[Supplied data]
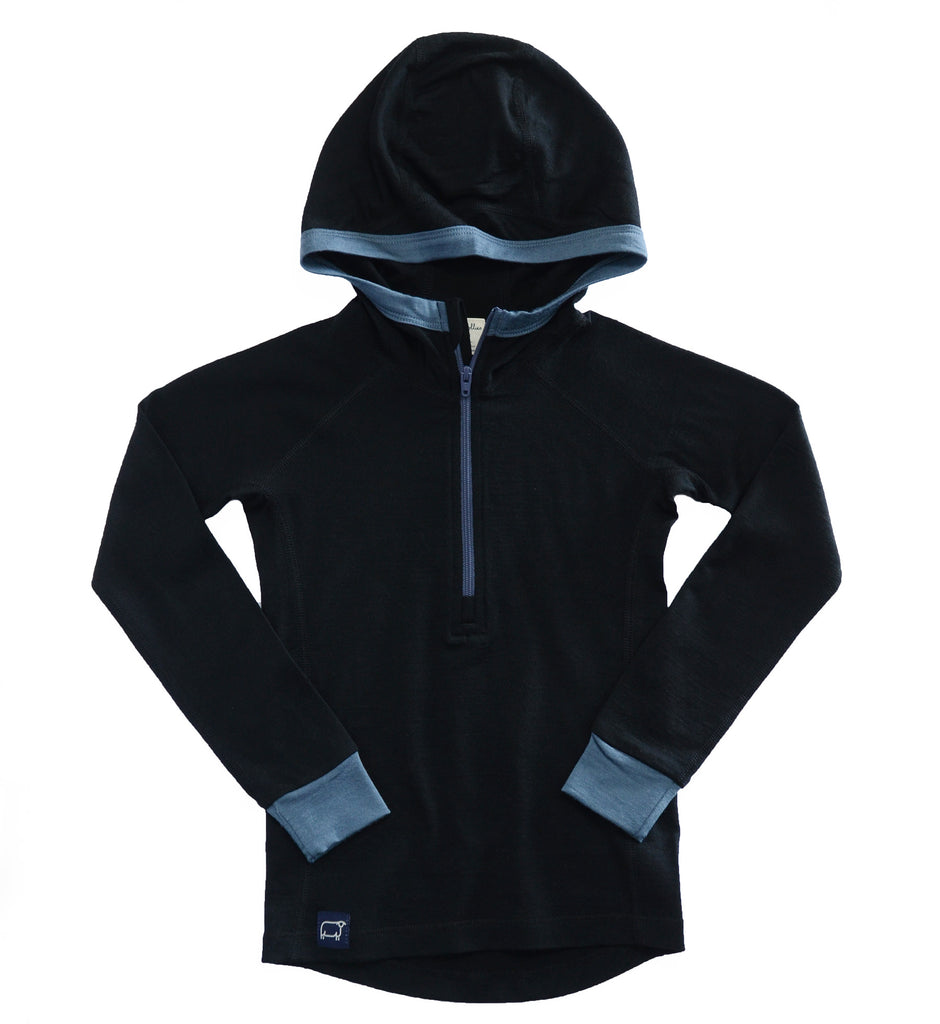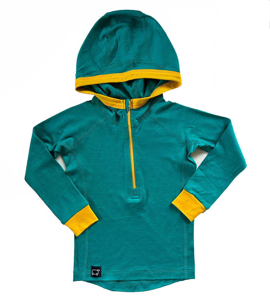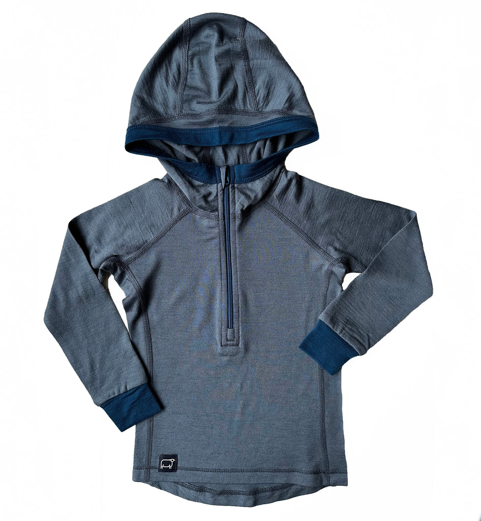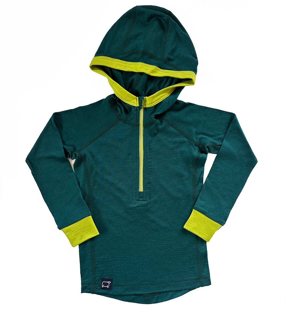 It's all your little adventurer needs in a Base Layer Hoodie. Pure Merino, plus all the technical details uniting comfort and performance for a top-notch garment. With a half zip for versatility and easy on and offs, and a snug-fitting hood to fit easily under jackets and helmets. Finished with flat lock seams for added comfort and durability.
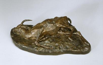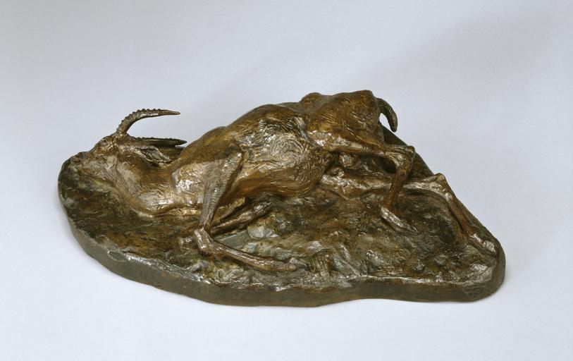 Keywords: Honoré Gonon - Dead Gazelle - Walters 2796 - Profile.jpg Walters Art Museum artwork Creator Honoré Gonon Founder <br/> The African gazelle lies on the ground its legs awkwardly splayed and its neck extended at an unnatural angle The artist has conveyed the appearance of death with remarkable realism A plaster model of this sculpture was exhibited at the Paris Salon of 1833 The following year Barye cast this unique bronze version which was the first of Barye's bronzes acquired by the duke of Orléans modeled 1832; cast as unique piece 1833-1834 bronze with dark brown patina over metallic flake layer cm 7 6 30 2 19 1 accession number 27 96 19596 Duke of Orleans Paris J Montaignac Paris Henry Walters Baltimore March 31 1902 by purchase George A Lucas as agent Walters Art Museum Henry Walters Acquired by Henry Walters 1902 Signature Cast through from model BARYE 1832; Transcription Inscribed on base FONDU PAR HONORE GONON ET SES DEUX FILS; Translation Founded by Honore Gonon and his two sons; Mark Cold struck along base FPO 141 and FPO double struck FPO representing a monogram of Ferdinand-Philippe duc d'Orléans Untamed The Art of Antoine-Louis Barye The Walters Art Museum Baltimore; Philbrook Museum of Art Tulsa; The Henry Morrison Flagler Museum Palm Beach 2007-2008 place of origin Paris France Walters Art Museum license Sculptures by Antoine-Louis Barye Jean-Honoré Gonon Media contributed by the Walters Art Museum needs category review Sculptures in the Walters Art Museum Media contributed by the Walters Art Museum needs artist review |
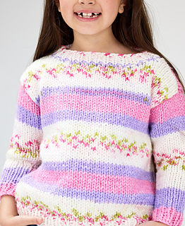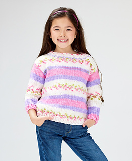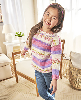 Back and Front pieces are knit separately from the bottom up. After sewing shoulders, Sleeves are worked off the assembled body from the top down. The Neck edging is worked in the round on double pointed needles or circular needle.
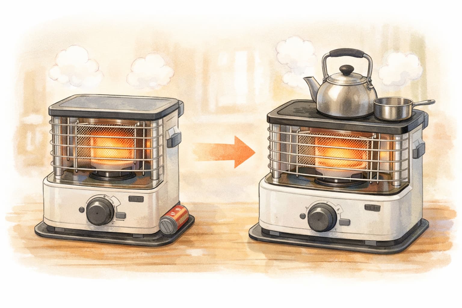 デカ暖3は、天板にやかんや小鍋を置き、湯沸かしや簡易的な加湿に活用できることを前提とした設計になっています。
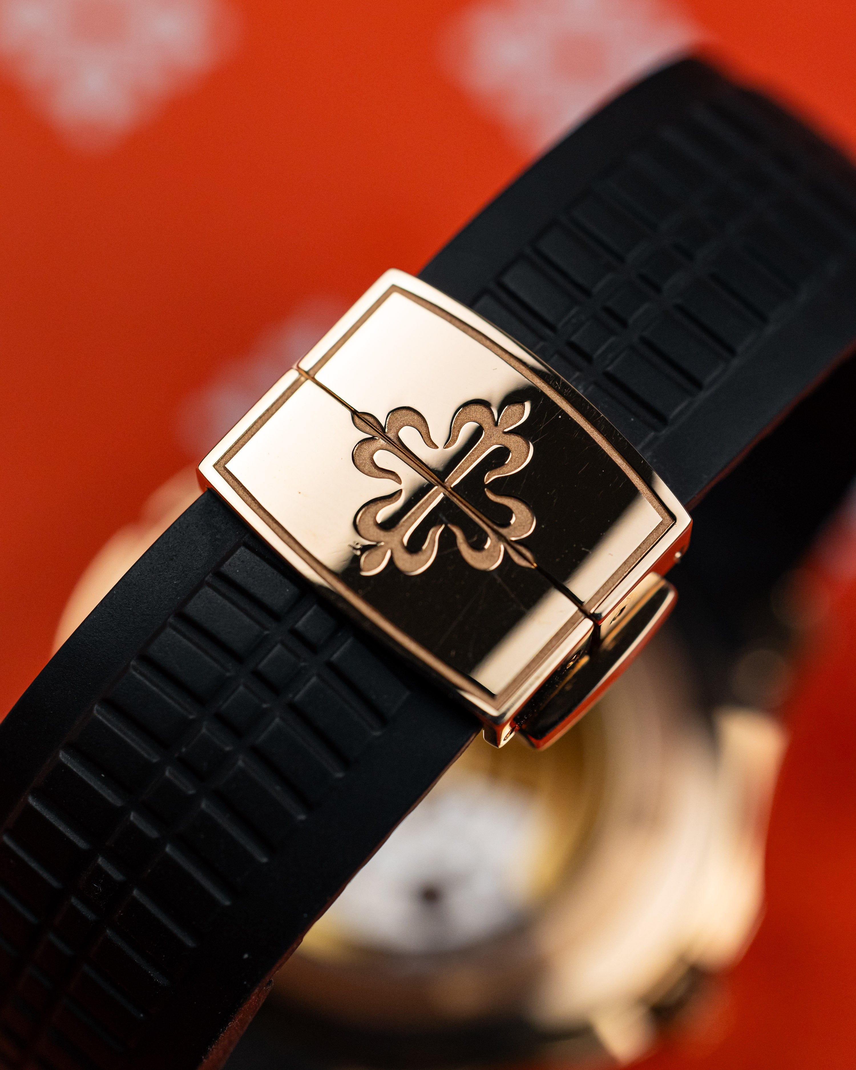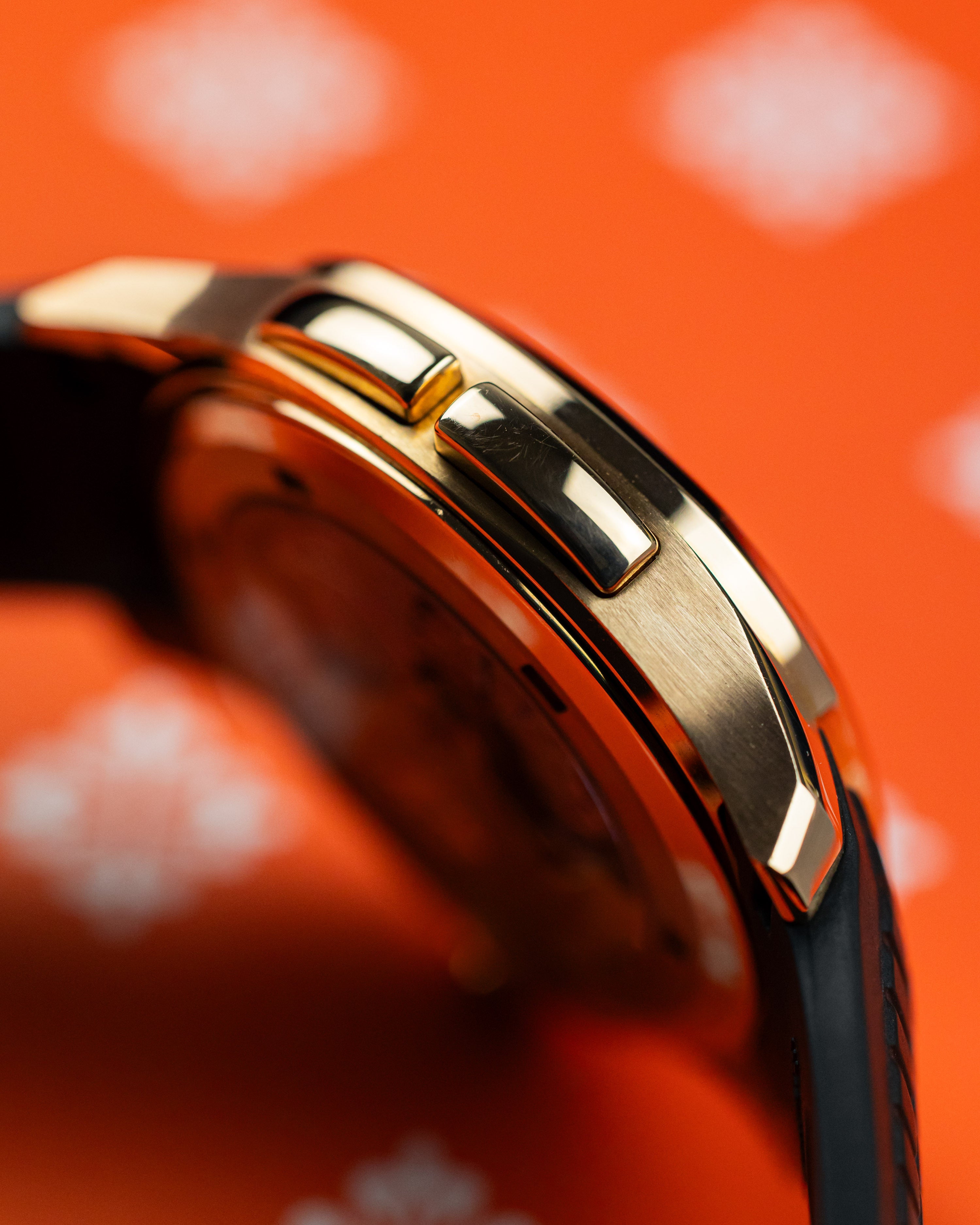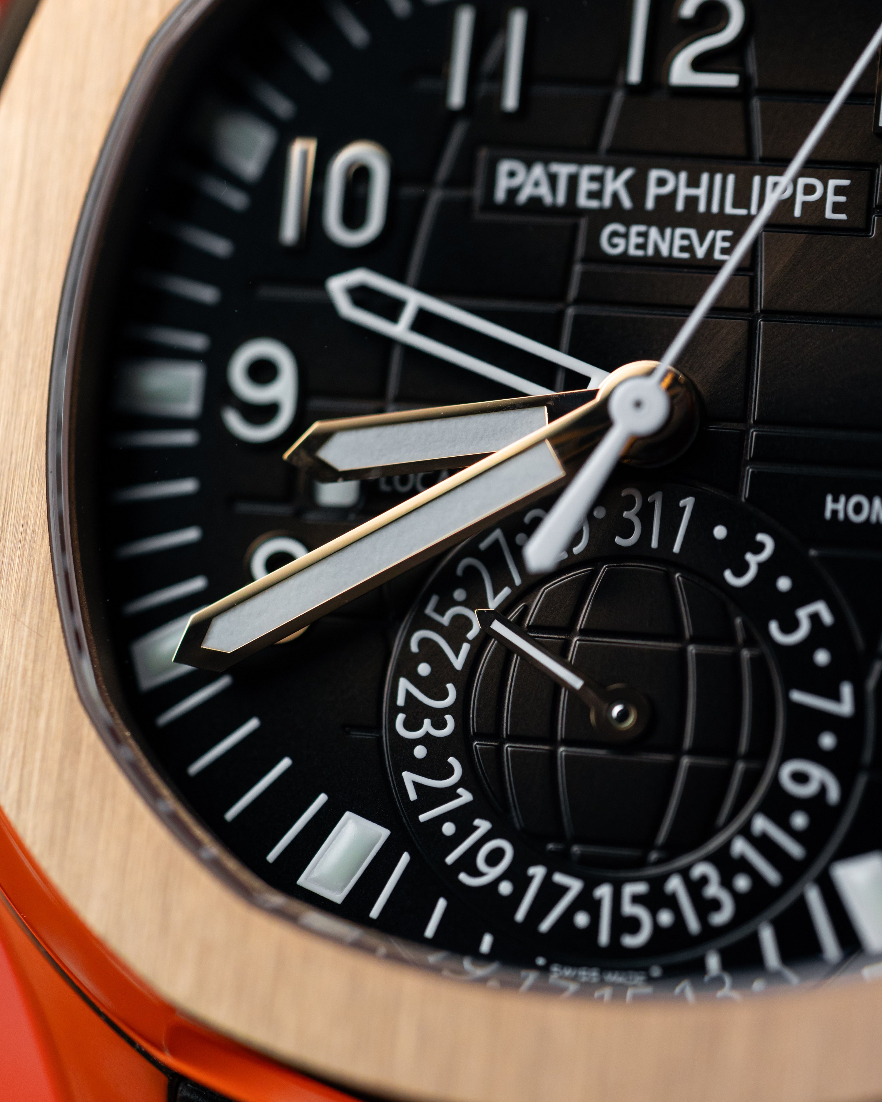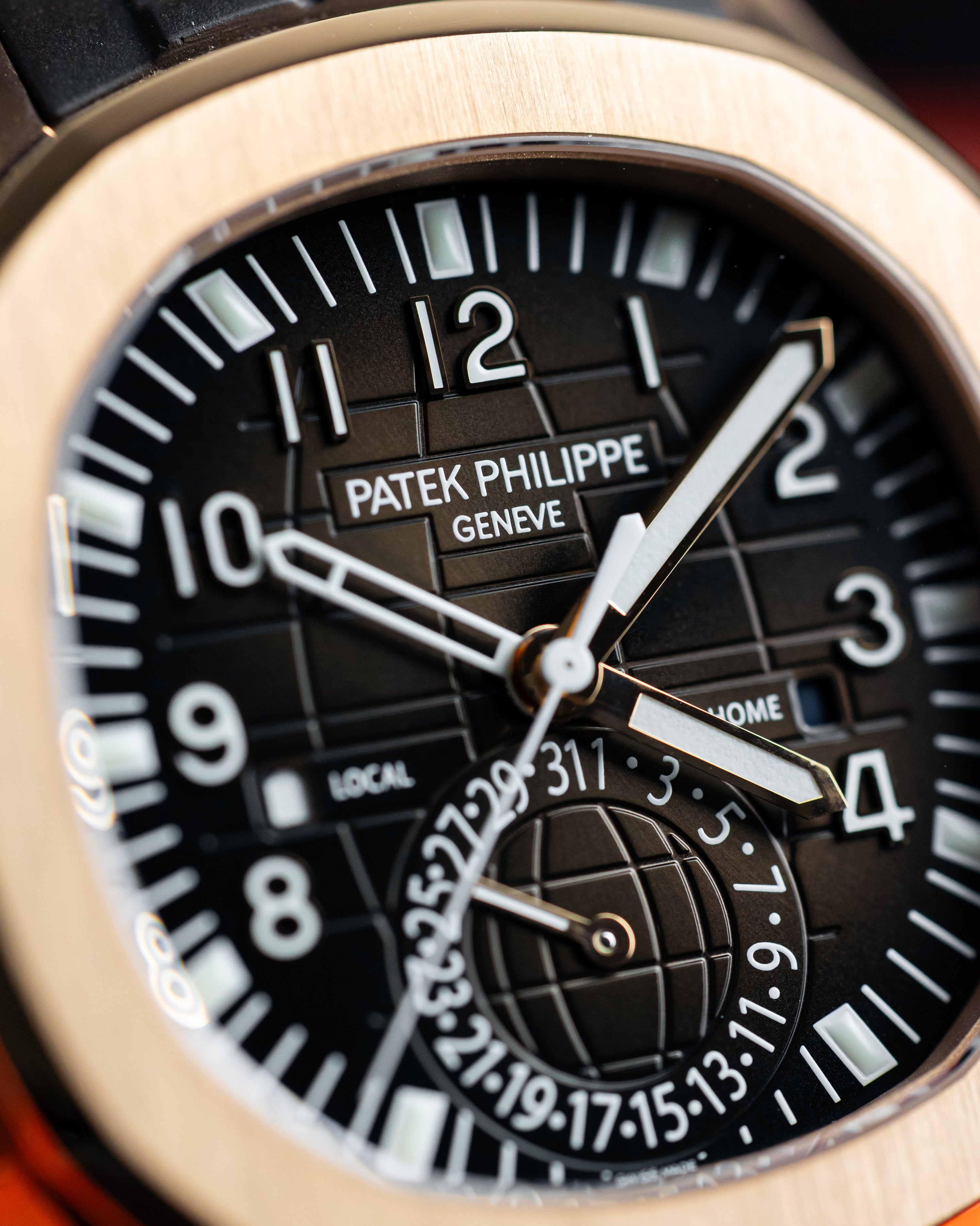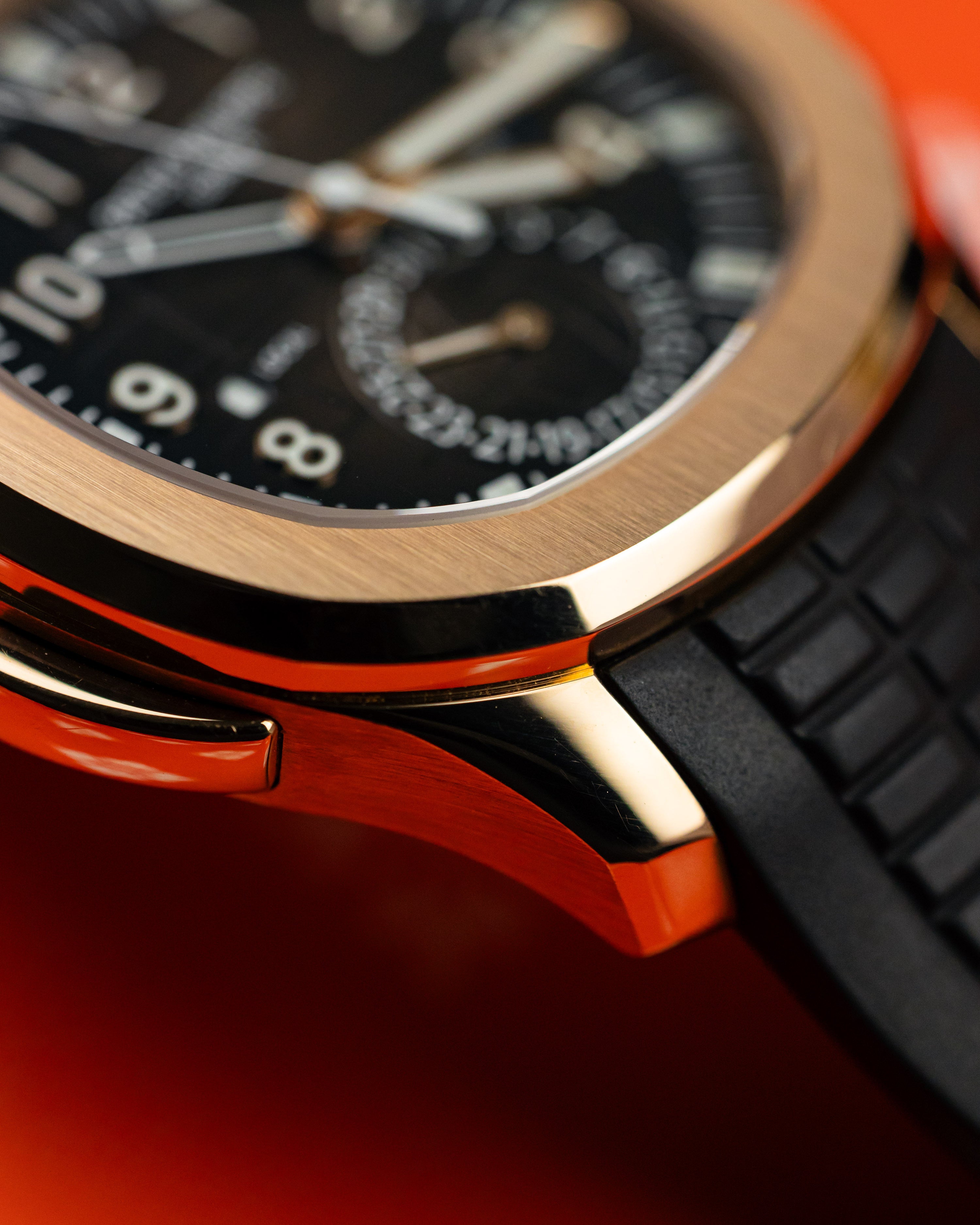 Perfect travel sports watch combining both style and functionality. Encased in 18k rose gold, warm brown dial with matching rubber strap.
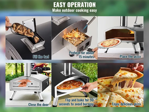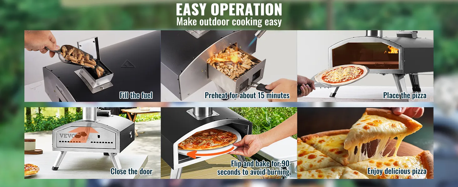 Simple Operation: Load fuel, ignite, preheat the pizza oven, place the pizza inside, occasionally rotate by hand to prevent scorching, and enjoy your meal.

[Task goal] Every line in the data above needs to be given again exactly, pictures aside.

[Response]
 It's all your little adventurer needs in a Base Layer Hoodie. Pure Merino, plus all the technical details uniting comfort and performance for a top-notch garment. With a half zip for versatility and easy on and offs, and a snug-fitting hood to fit easily under jackets and helmets. Finished with flat lock seams for added comfort and durability.
 Keywords: Honoré Gonon - Dead Gazelle - Walters 2796 - Profile.jpg Walters Art Museum artwork Creator Honoré Gonon Founder <br/> The African gazelle lies on the ground its legs awkwardly splayed and its neck extended at an unnatural angle The artist has conveyed the appearance of death with remarkable realism A plaster model of this sculpture was exhibited at the Paris Salon of 1833 The following year Barye cast this unique bronze version which was the first of Barye's bronzes acquired by the duke of Orléans modeled 1832; cast as unique piece 1833-1834 bronze with dark brown patina over metallic flake layer cm 7 6 30 2 19 1 accession number 27 96 19596 Duke of Orleans Paris J Montaignac Paris Henry Walters Baltimore March 31 1902 by purchase George A Lucas as agent Walters Art Museum Henry Walters Acquired by Henry Walters 1902 Signature Cast through from model BARYE 1832; Transcription Inscribed on base FONDU PAR HONORE GONON ET SES DEUX FILS; Translation Founded by Honore Gonon and his two sons; Mark Cold struck along base FPO 141 and FPO double struck FPO representing a monogram of Ferdinand-Philippe duc d'Orléans Untamed The Art of Antoine-Louis Barye The Walters Art Museum Baltimore; Philbrook Museum of Art Tulsa; The Henry Morrison Flagler Museum Palm Beach 2007-2008 place of origin Paris France Walters Art Museum license Sculptures by Antoine-Louis Barye Jean-Honoré Gonon Media contributed by the Walters Art Museum needs category review Sculptures in the Walters Art Museum Media contributed by the Walters Art Museum needs artist review |
 Back and Front pieces are knit separately from the bottom up. After sewing shoulders, Sleeves are worked off the assembled body from the top down. The Neck edging is worked in the round on double pointed needles or circular needle.
 デカ暖3は、天板にやかんや小鍋を置き、湯沸かしや簡易的な加湿に活用できることを前提とした設計になっています。
 Perfect travel sports watch combining both style and functionality. Encased in 18k rose gold, warm brown dial with matching rubber strap.
 Simple Operation: Load fuel, ignite, preheat the pizza oven, place the pizza inside, occasionally rotate by hand to prevent scorching, and enjoy your meal.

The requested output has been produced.